# Task requirements
Each line of the material must be repeated precisely, with the pictures left out.

# Recorded information
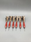 Vintage Red Wood Handle Feather Throwing Darts Set Of (6) Steel Tip Primitive
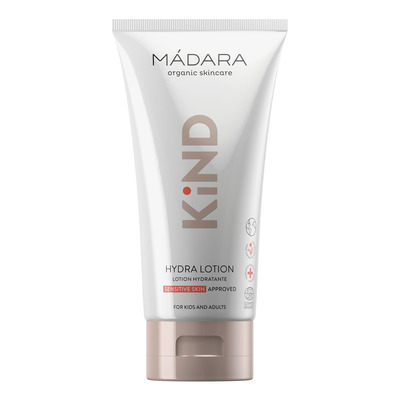 Denne milde bodylotionen fra Mádaras Kind-serie fukter og pleier sart og sensitiv hud. Den etterlater huden myk og glatt. Bodylotionen inneholder naturlige ekstrakter av multebær og linfrø som bidrar til å gi huden ny næring og styrke hudens naturlige barriere. Denne bodylotionen er utviklet for hele familien og er skånsom mot babyhud. Den er også dermatologisk testet og vegansk.
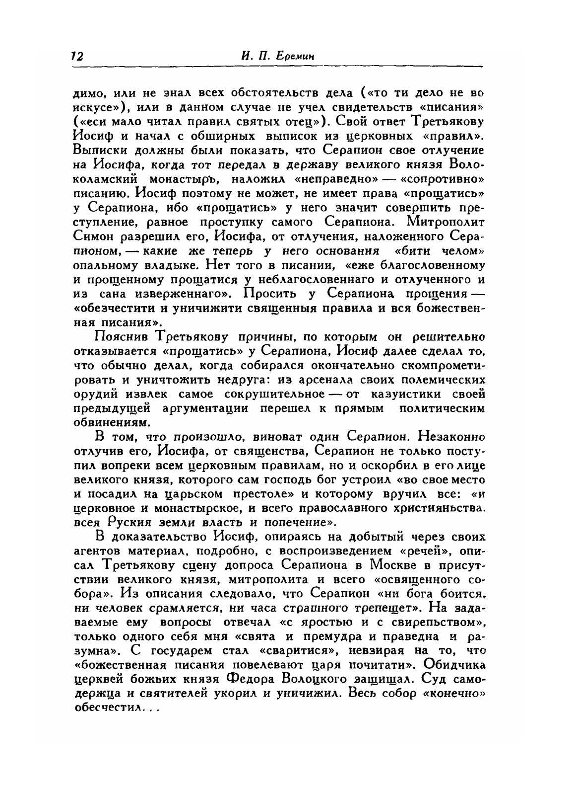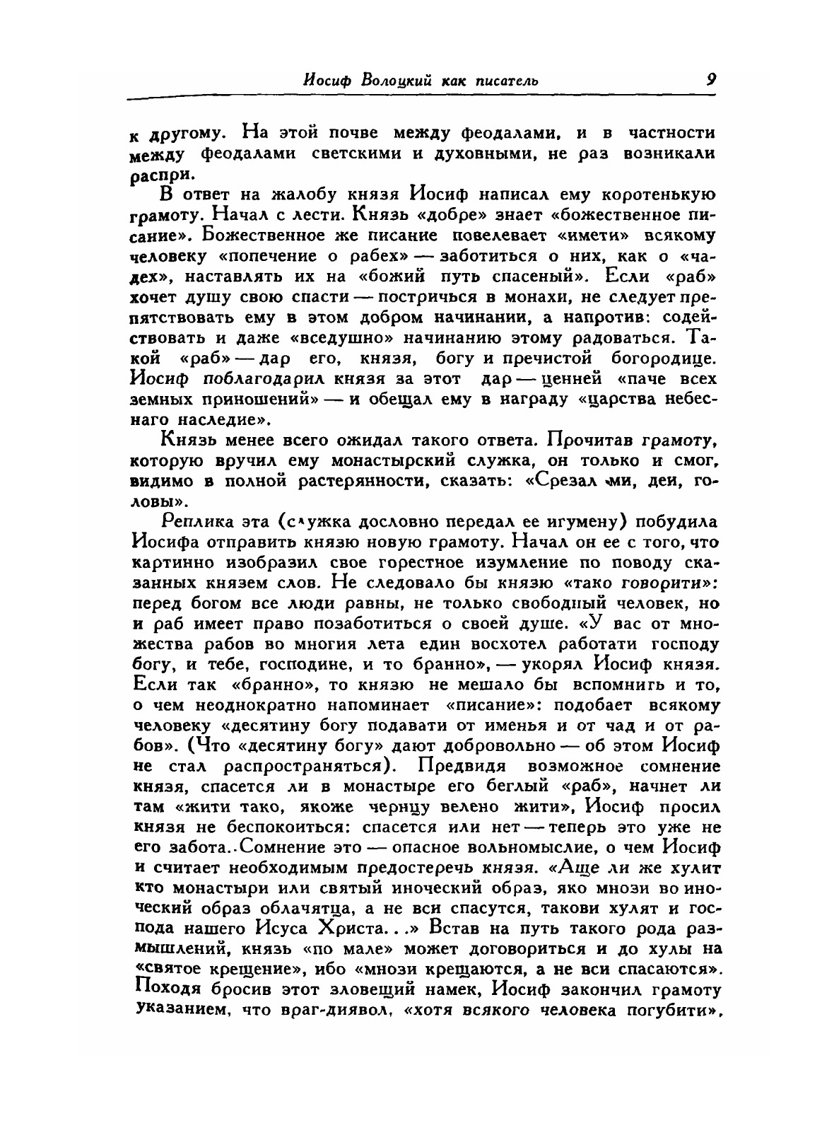 Иосиф Волоцкий (1439-1515) - известный церковный деятель, игумен Волоколамского монастыря. Наряду со своей обширной церковной и политической деятельностью, он известен и как талантливый писатель, автор множества сочинений, посвящённых злободневным вопросам, волновавшим Россию в конце 15 -нач.16 века. Его литературные и полемические труды положили начало русской средневековой публицистике. В данном издании представлены послания Иосифа Волоцкого, адресованные монахам, «вельможам», епископам и князьям. В «Приложении» опубликован «Устав» Иосифа Волоцкого и некоторые другие сочинения. Текст, комментарии и археографические обзоры подготовлены А.А.Зиминым и Я.С.Лурье.

# Written answer
 Vintage Red Wood Handle Feather Throwing Darts Set Of (6) Steel Tip Primitive
 Denne milde bodylotionen fra Mádaras Kind-serie fukter og pleier sart og sensitiv hud. Den etterlater huden myk og glatt. Bodylotionen inneholder naturlige ekstrakter av multebær og linfrø som bidrar til å gi huden ny næring og styrke hudens naturlige barriere. Denne bodylotionen er utviklet for hele familien og er skånsom mot babyhud. Den er også dermatologisk testet og vegansk.
 Иосиф Волоцкий (1439-1515) - известный церковный деятель, игумен Волоколамского монастыря. Наряду со своей обширной церковной и политической деятельностью, он известен и как талантливый писатель, автор множества сочинений, посвящённых злободневным вопросам, волновавшим Россию в конце 15 -нач.16 века. Его литературные и полемические труды положили начало русской средневековой публицистике. В данном издании представлены послания Иосифа Волоцкого, адресованные монахам, «вельможам», епископам и князьям. В «Приложении» опубликован «Устав» Иосифа Волоцкого и некоторые другие сочинения. Текст, комментарии и археографические обзоры подготовлены А.А.Зиминым и Я.С.Лурье.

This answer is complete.